Well it has been said that the latest RST 11.x Have added TRIM for RAID. But then I think the catch is you need your OROM updated as well so that comes down to a new BIOS from the Manufacturer or some clever folks have been hacking it in.

The only thing the RST software offer me as far as options is being able to turn on/off Write Back Caching so not alot. I don't know how it deals with SSD's


----------



## Solaris17 (Sep 8, 2012)

INSTG8R said:


> Well it has been said that the latest RST 11.x Have added TRIM for RAID. But then I think the catch is you need your OROM updated as well so that comes down to a new BIOS from the Manufacturer or some clever folks have been hacking it in.
> 
> The only thing the RST software offer me as far as options is being able to turn on/off Write Back Caching so not alot. I don't know how it deals with SSD's



I was under the impression only the intel SSDs were doing it on the hardware level in RAID. I focus on individual drive performance though RAID SSDs are something I study to talk about lightly I dont have enough hands on experience to give you a good opinion honestly.


----------



## INSTG8R (Sep 8, 2012)

Solaris17 said:


> I was under the impression only the intel SSDs were doing it on the hardware level in RAID. I focus on individual drive performance though RAID SSDs are something I study to talk about lightly I dont have enough hands on experience to give you a good opinion honestly.

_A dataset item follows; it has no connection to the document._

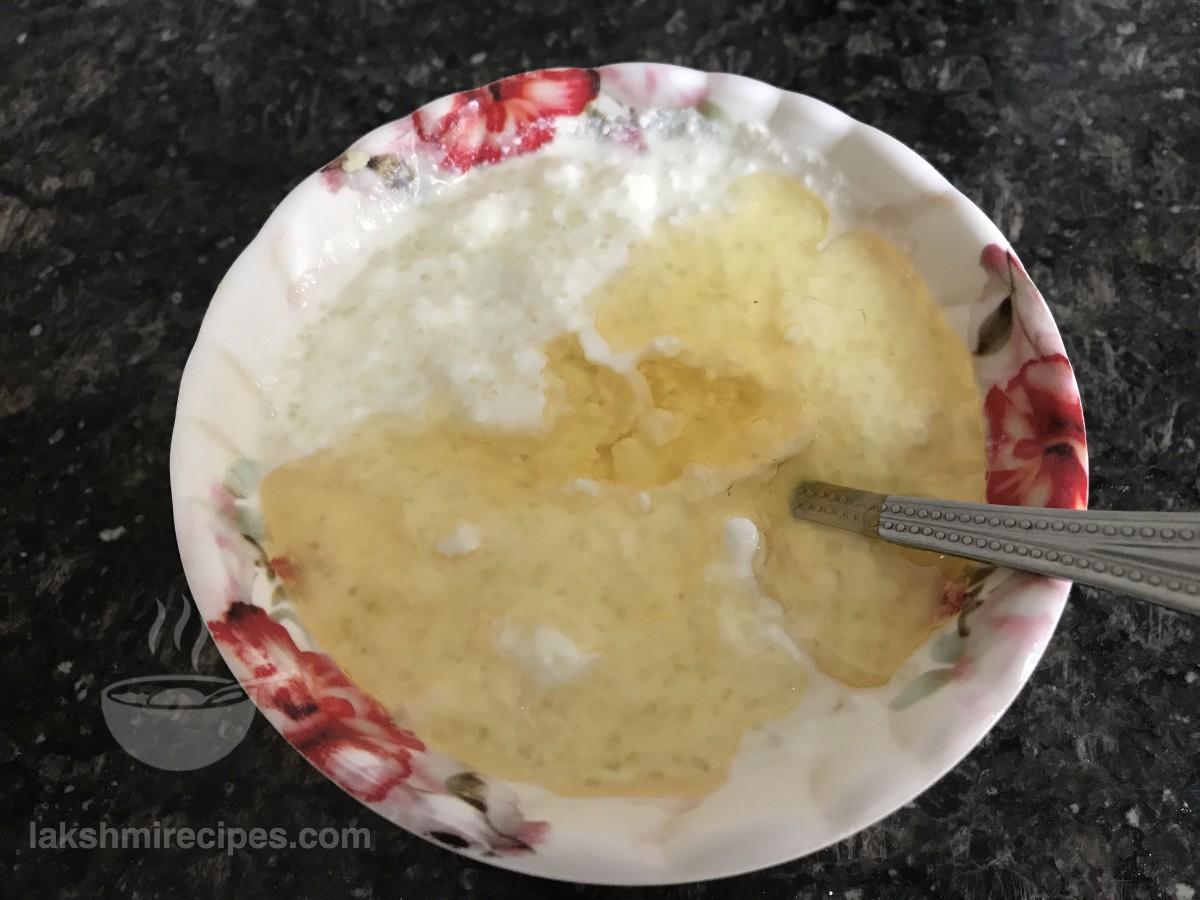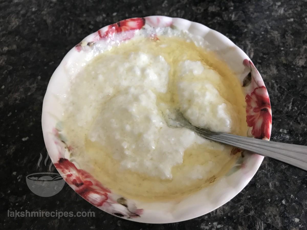 - Then add refined oil to the sweetened curd and whisk again to form a uniform solution of sweetened curd and refined oil.
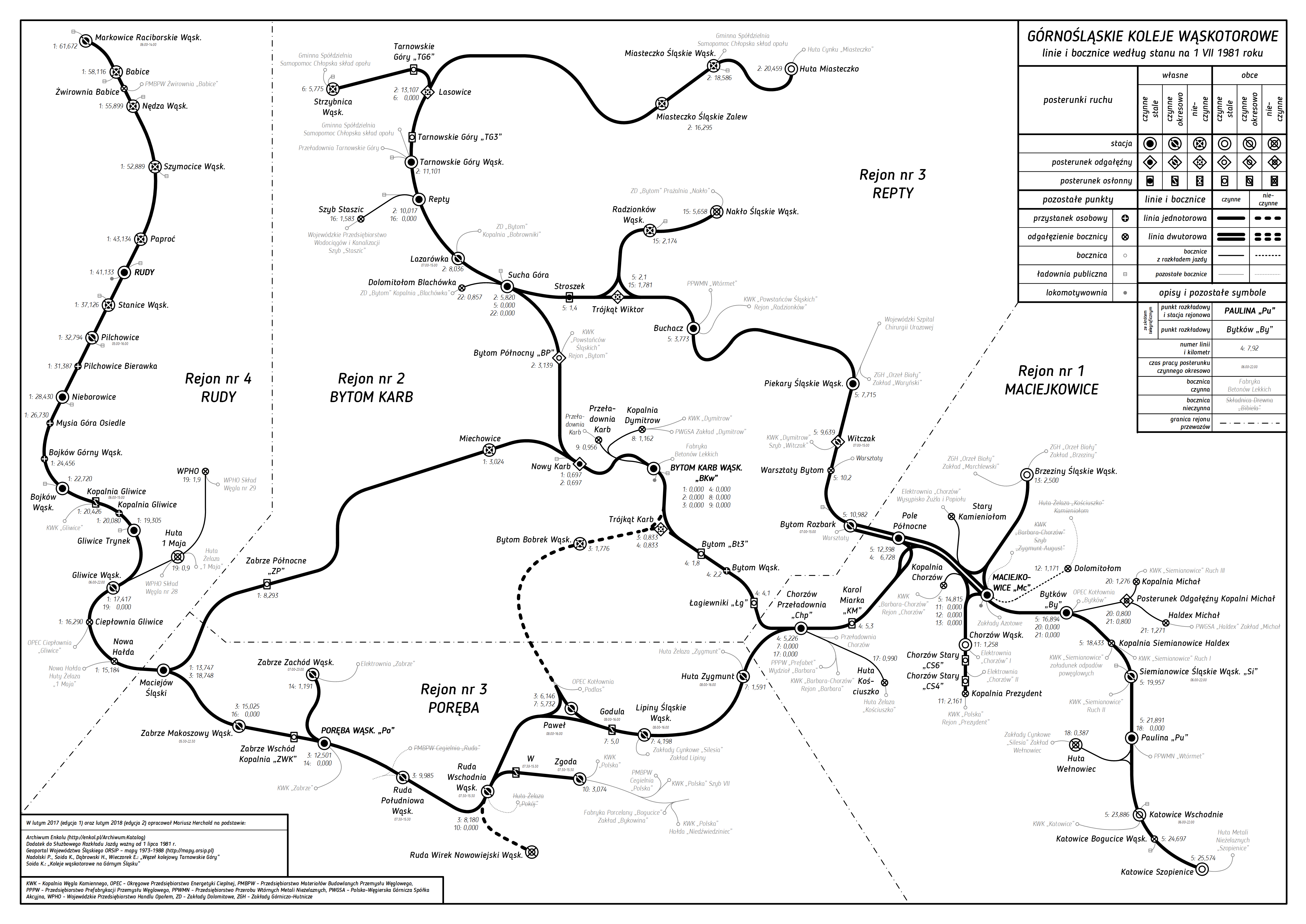 Linie i bocznice Górnośląskich Kolei Wąskotorowych według stanu na 1 VII 1981

You could very well be right. Heck I just FINALLY decided to play with RAID just for kicks. I bought 2 Caviar Blacks for this build and just said WTH I wonder how fast they can be. Now I have a 2TB RAID 0 ArrayI did it in the BIOS so don't even know if I even need the RST's either. Just have them there for safety's sake. Not hurting my Machine being there.

I will try to do some digging to find the info and testing some folks were doing with the 11.x RST's


----------



## D007 (Sep 8, 2012)

Ugh.. this linking thing is makin me a bit crazy..lol.. I have my eve, batman and l4d2 folders cut and pasted.. I kept getting some invalid switch error.. 
All I know is the games I cut and pasted say they point to the C drive "which is my SSD" and they are executing from there.. If they do that, I'm ok I'd think..lol.. hell if I know.. XD

Don't think I can use the linkshell tool anymore because I have already cut and pasted the folders, so there is nothing to link from.


----------



## eidairaman1 (Sep 8, 2012)

i just put that link up to help out people, they say you can change windows to AHCI without having to reinstall it via Registry adjustments. AHCI to me is as configurable as ACPI.

Course reading what yall are talking about is confusing me at the moment lol


----------



## Solaris17 (Sep 8, 2012)

D007 said:


> Ugh.. this linking thing is makin me a bit crazy..lol.. I have my eve, batman and l4d2 folders cut and pasted.. I kept getting some invalid switch error..
> All I know is the games I cut and pasted say they point to the C drive "which is my SSD" and they are executing from there.. If they do that, I'm ok I'd think..lol.. hell if I know.. XD
> 
> Don't think I can use the linkshell tool anymore because I have already cut and pasted the folders, so there is nothing to link from.



wait why are you cutting them individually? hmm maybe its registry related. try using my guide and make sure its all kosher. then redownload steam and run the installer. see if that fixes it. (install over old steam.)

alternatively you can run steam after you move the games right click on them and verify the integrity.


----------



## D007 (Sep 8, 2012)

Solaris17 said:


> wait why are you cutting them individually? hmm maybe its registry related. try using my guide and make sure its all kosher. then redownload steam and run the installer. see if that fixes it. (install over old steam.)
> 
> alternatively you can run steam after you move the games right click on them and verify the integrity.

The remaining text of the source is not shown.